Extracted material below:

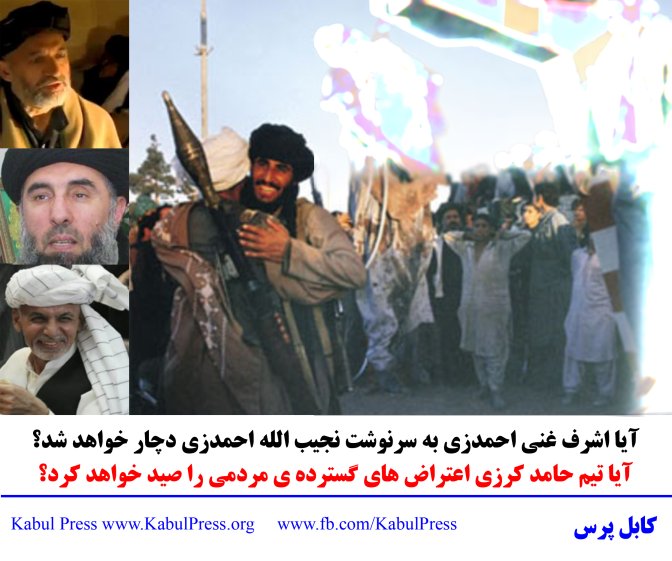 از منظر احمدزی، بین هر دو دلیل، ارتباط خاص وجود دارد. نجیب الله احمدزی که به نجیب گاو و نجیب قصاب معروف بود، اشتراکات قبیله ای با اشرف غنی احمدزی داشت و احمدزیی ها دلیل اصلی سقوط حکومت وی را ادامه ندادن حمایت دوستم از نجیب الله احمدزی می دانند. نجیب الله احمدزی در ماه های آخر عمر خود تصور می کرد به دلیل اشتراکات قبیله ای و اینکه بدنه جنگی طالبان را کوچی ها تشکیل می دهند، از ملا محمد عمر آخوند امان خواهد گرفت و حتا ممکن بتواند بتواند به قدرت باز گردد. با این وجود طالبان که درانی ها و بويژه نورزی ها در آن دست بالا را داشتند و به شدت از طرف خاد و حکومت وقت به رهبری نجیب الله احمدزی سرکوب شده بودند، بلافاصله در چهارراهی آریانای شهر کابل، او و برادرش را ابتدا گلوله باران و سپس حلق آویز کردند.
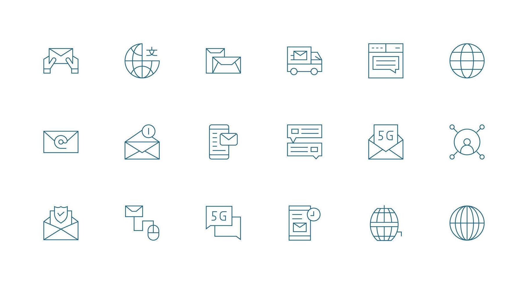 mínimo línea íconos desde digital comunicación conjunto con 18 vectores icono conjunto para web
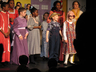 We had some great friends in the play also but I think I'm mostly impressed with Riley who did NOT want to try out and did NOT want to be in the play. I think he had the most fun out of all of them! He was great! His brother and sister were great in the play too and so were Jesse & Chloe! I hope they can all get parts in Annie Jr. if they want them and I'll let friends and family know if they should come by for another play in a few months!
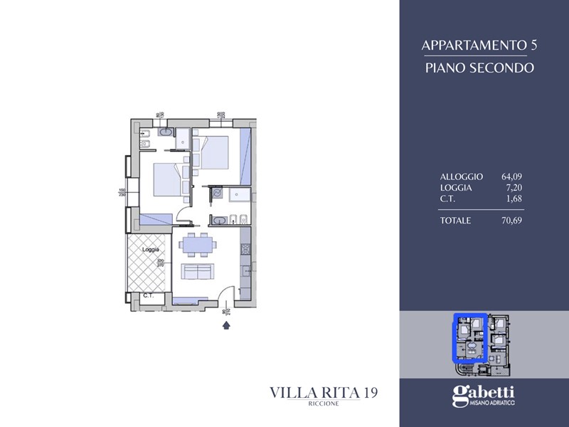 Questo elegante appartamento si trova al secondo piano della residenza Villa Rita 19 e si sviluppa su una superficie di circa 70mq, offrendo una distribuzione interna funzionale e luminosa.
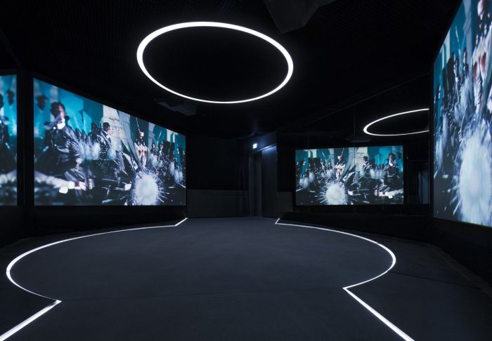 The imposing angles of the architecture compliment the breathtaking mountain panorama while large windows frame views over the Ötztal Alps and locations used in the making of Spectre. The majority of the installation is inside the mountain itself with only the entrance, exit, two projected windows, and the Plaza exposed to the outside. The building is stabilized at 1ºC, so as not to affect the permafrost. A reduced palette of architectural materials of concrete, steel, and glass is used throughout the museum in keeping with the modern brand identity of 007. 007 ELEMENTS features nine different chambers, or galleries, as well as an outside plaza. Each gallery showcases the fundamental elements that define a Bond film and explores the legacy of the making of 007 movies with a special focus on Spectre.

End of Extracted material.

# Work to complete:
While skipping the pictures, transcribe the data above from the line showing "mínimo línea íconos" through the line showing "We had some", exactly and with both ends.

# Exercise output:
 mínimo línea íconos desde digital comunicación conjunto con 18 vectores icono conjunto para web
 We had some great friends in the play also but I think I'm mostly impressed with Riley who did NOT want to try out and did NOT want to be in the play. I think he had the most fun out of all of them! He was great! His brother and sister were great in the play too and so were Jesse & Chloe! I hope they can all get parts in Annie Jr. if they want them and I'll let friends and family know if they should come by for another play in a few months!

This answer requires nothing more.